Sebagaimana analisis Mulder (pengamat budaya). Ia menyebutkan: “Bahwa perubahan dan kejadian-kejadian baru harus dimasukkan secar formal ke dalam struktur keadaan yang sudah ada atau mereka harus diakui secara ritual dahulu baru kemudian dapat diterima.” (Neil Mulder, 1984: 53).
Analisis mulder ini menguatkan fakta bahwa ritual-ritual yang ada selama ini sebagian sudah diformalkan oleh instansi pemerintahan kita. Seperti ritual “padusan” (kungkum) ini. Dan hebatnya, tradisi ini memang sengaja dilanggengkan sebagai event Pariwisata.
Masih banyak lagi contoh budaya “aneh” yang perlu kita garap untuk diluruskan, dimana proses kebudayaan yang “tersandera” kepentingan uang ini, selain akan berimbas pada aqidah umat Islam, tentunya juga semakin memberikan beban berat dan tantangan bagi dakwah Islam.
            Islam Memberi Solusi?
            Solusi paling tepat dalam mendakwahinya, sekaligus sebagai wahana jihad amar ma'ruf nahi munkar dalam Islam adalah melakukan berbagai pendekatan secara persuasif dan memberi contoh produk khasanah Islam yang sudah ditawarkan Muhammad.
Diantaranya adalah:
Pertama, Pendekatan adat-istiadat.
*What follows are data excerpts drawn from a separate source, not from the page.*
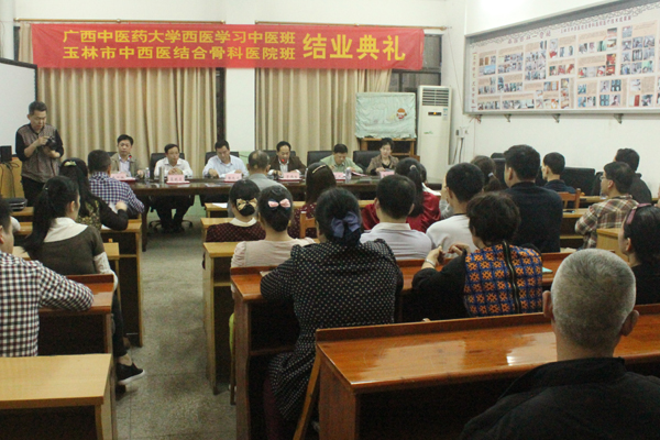 3月21日,beat365官方网站西医学习中医班(玉林市中西医结合骨科医院班)结业典礼在玉林市中西医结合骨科医院中型会议室隆重举行。罗伟生副校长亲临现场并作重要讲话。beat365官方网站成人教育学院韦艾凌院长、玉林市中西医结合骨科医院黎忠文院长和陈照坤副书记等相关领导及学员代表60多人参加了结业典礼。结业典礼由玉林市中西医结合骨科医院李开静副院长主持。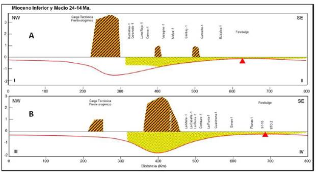 La Cuenca de Llanos está enmarcada en la evolución de un sistema de antepaís producto de la deflexión de la litosfera en respuesta a un conjunto de cargas. Para forjar esta deflexión, las fuerzas que actúan sobre la litosfera son la carga tectónica estática de la cuña orogénica, los sedimentos y el agua, y usualmente, la carga dinámica sublitosférica de la placa subductada. A través del tiempo, estas cargas migran o se redistribuyen conforme el sistema progresa. El abultamiento periférico vinculado con este proceso dinámico puede ser reconocido por el desarrollo erosivo de la discordancia basal (Beaumont, 1981; Waschbusch y Royden, 1992; Dolson y Piombino, 1994; Crampton y Allen, 1995; DeCelles y Giles, 1996; Currie, 1997; Catuneanu, 2004).
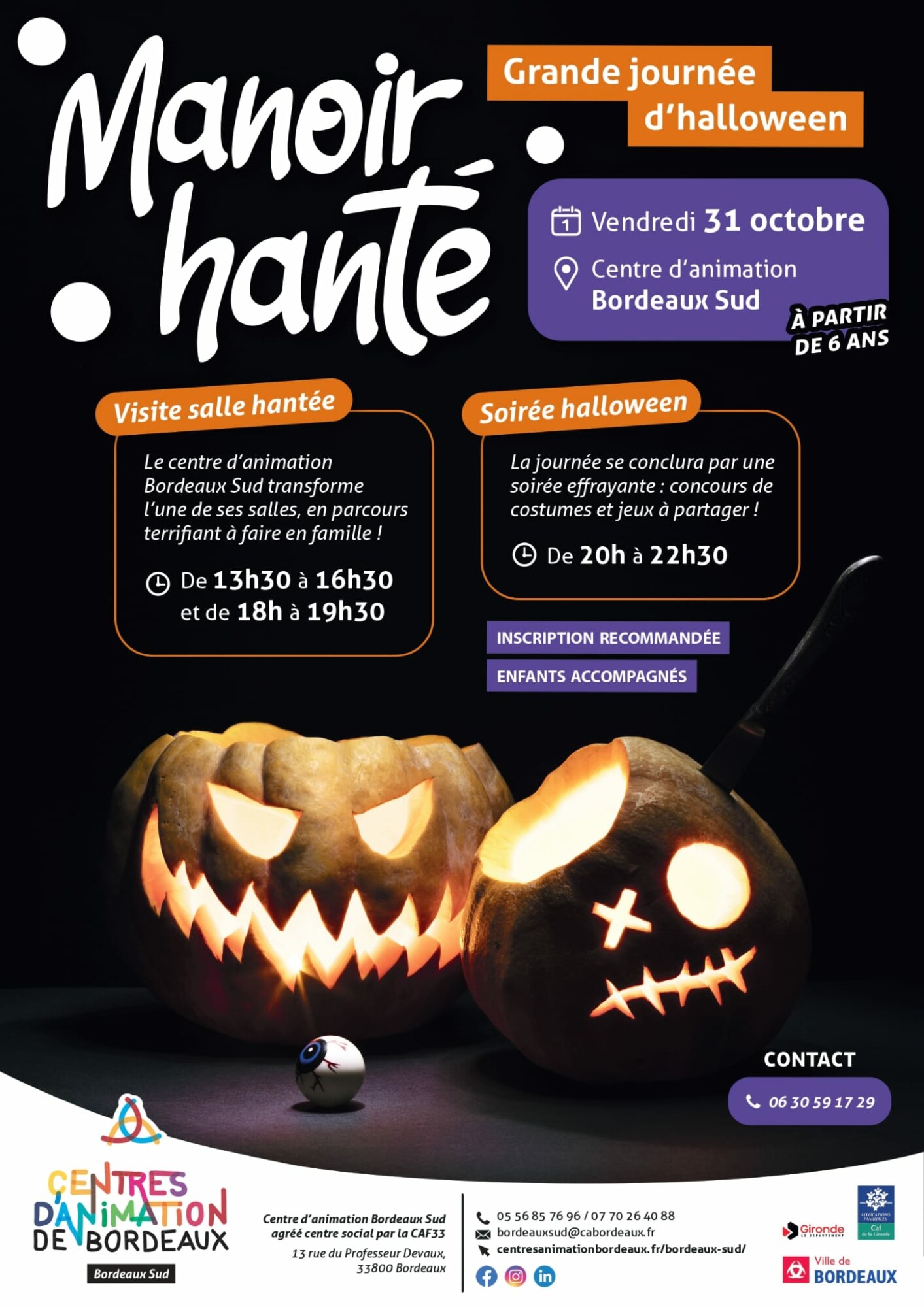 Le grand retour du Manoir Hanté ! Cette année, le centre d’animation Bordeaux Sud se transforme… et vous ouvre les portes de son terrifiant Manoir Hanté !Entre frissons et fous rires, venez vivre une expérience unique le vendredi 31 octobre, de 13h30 à 16h30 puis de 18h00 à 19h30. Pour encore plus d’immersion, sortez vos plus beaux costumes : sorcières, …

Pendekatan ini dilakukan dengan memilih dan memilah mana adat-Istiadat yang sesuai Islam dan mana yang menyimpang,
Kedua, Berintegrasi. Bergabung dan menyatu dengan sekelompok masyarakat yang mempunyai ritualaneh”. Metode ini  sangat praktis, asalkan kita tidak ikut tenggelam dalam kebiasaan dan keyakinan budaya aneh itu,
Ketiga, Pendekatan formal. Pendekatan yang di dukung oleh instansi-instansi resmi seperti pejabat pemkab, aparatur desa, ormas keagamaan legal, dan instansi lainnya agar jangan memberi ruang gerak terhadap industri pariwisata yang bersifat materialis dan mengandung keharaman.
Keempat, Meniru budaya Islam. Muhammad adalah teladan yang sangat tepat, sehingga para ahli mencatat bahwa Muhammad adalah orang tersukses dan tercepat dalam melakukan suatu perubahan besar dan mendasar pada kehidupan masyarakat. (wa Allahu a'lam bi al-Shawab).